3. Viper plagiarism scanner – scanmyessay.com
Our third choice is Viper, which is now exclusively an online tool—there’s no downloadable software version anymore. After creating an account and logging in, you upload your document and choose either a free limited scan (if available in your country) or purchase credits. It checks your text against 10+ billion sources, covering not just web pages but also online essays, books, journals, PDFs, and more.
Pros:
- Simple pay‑as‑you‑go model: buy credits when needed—no monthly subscription.
- Broad source coverage: includes journals, books, essays, and web pages.
- Fast, clear reporting: detailed highlighting, source links, reports downloadable in seconds .
- Free scans (to try): in some regions, users get limited free credits; free scans are clearly marked and may be removed or upgraded.
Cons:
Free-scan reports may be published on partner sites unless you upgrade to a paid scan—however, paid scans are guaranteed to remain private and never published.
Free scan availability varies by country – currently they are not available.
Credit cost starts at around £6 per ~5,000 words (1 credit), although bulk packs reduce the cost per scan to £2.
4. PlagPointer (PlagiarismChecker.net)
When it comes to combining accurate plagiarism detection with powerful AI‑generated content analysis, PlagPointer truly stands out as the best tool on the web.
Pricing:
- Credits start at £2.50 for 10 credits (2,500 words) – that’s £0.25 per 250 words,
- Bulk credits drop even lower to £0.16 per 250 words, making it deeply cost‑effective compared to competitors.
Core strengths:
- Scans 60 trillion web pages, 16,000+ open‑access journals, major search engines (Google & Bing), with optional internal database inclusion for even more thorough coverage.
- Exceptionally accurate AI‑text detector (99.12% accuracy), capable of spotting content from ChatGPT, GPT‑4, Gemini, Claude, and more – in over 30 languages.
- Allows sensitive configuration like excluding quotations, references or TOCs, adjusting scan sensitivity, and scanning multiple file formats (DOCX, PDF, PPTX, HTML, ODT, EPUB, and others) for maximum flexibility.
Privacy & control:
PlagPointer gives you full autonomy over your work: you choose whether to store documents in the internal database, and you can request deletion at any time at no extra cost.
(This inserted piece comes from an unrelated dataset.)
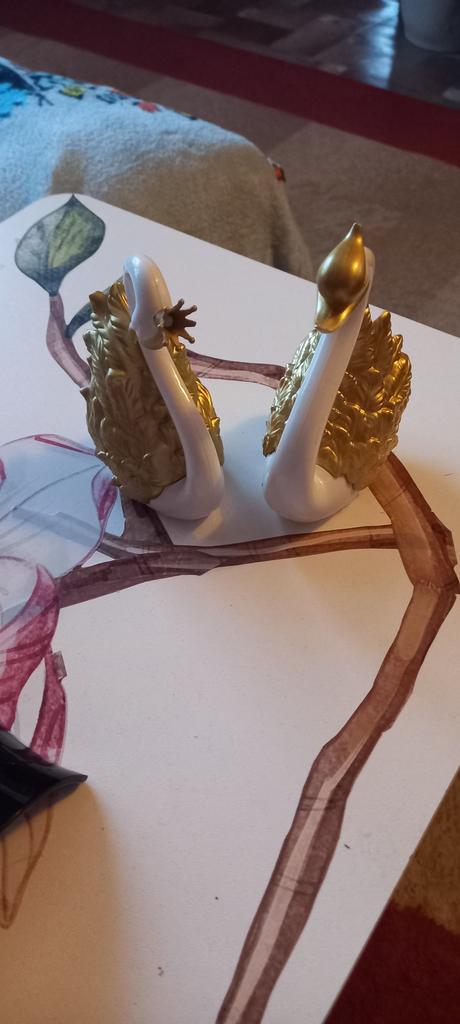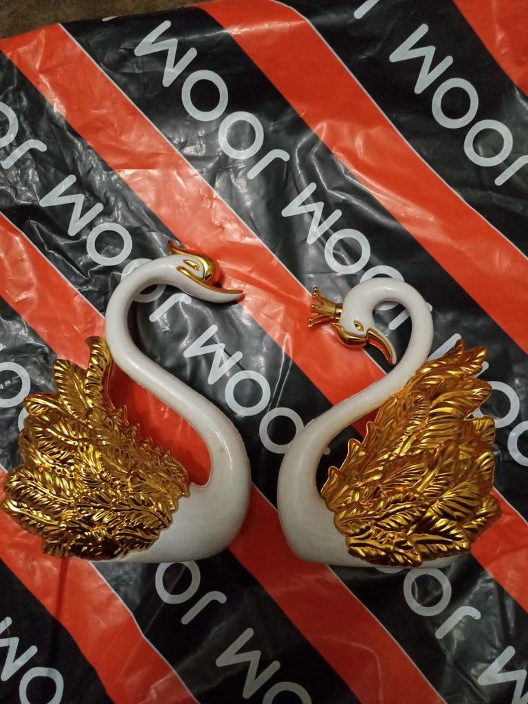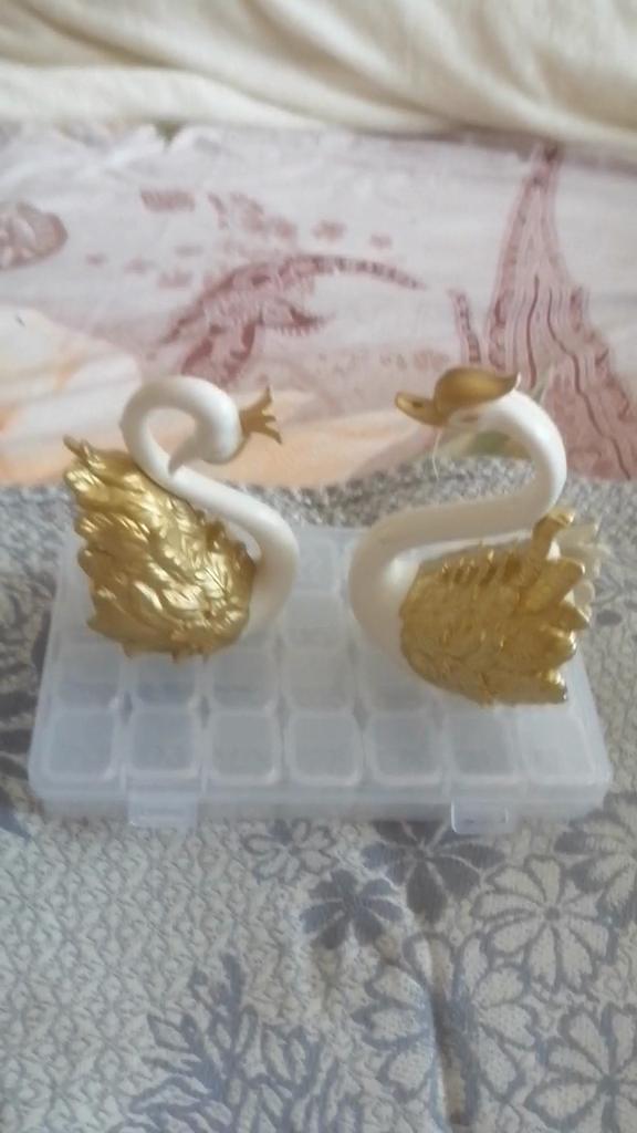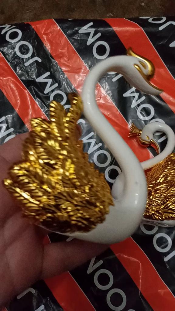 A coroa do cisne veio quebrada e foi enviada quebrada porque foi pintada onde estava quebrada.

This ensures your essays remain confidential unless you explicitly opt in.
Why PlagPointer is number one:
- Works on a pay‑as‑you‑go basis – no hidden subscriptions or bundled wasteful credits.
- One of the most budget‑friendly plagiarism checkers available, with bulk options that drive the per‑word cost down to pennies.
- Excellent coverage, accuracy, and usability: it addresses web content, academic journals, internal files, plus AI‑generated text detection—all in one seamless tool.
- Highly praised by institutions: its award‑winning API is trusted by over 1,000 universities and 300 organisations worldwide.
If you’re looking for a single, reliable, and affordable plagiarism and AI‑content checker that ticks every box, PlagPointer is hands‑down the best choice on the web.
Conclusion
There are many free and paid plagiarism checkers on the web and making use of them is a good idea to avoid accidental plagiarism and its dire consequences. However, for free plagiarism checkers, you need to read the small print and be satisfied with the way that the website intends to use your work in the future, if at all.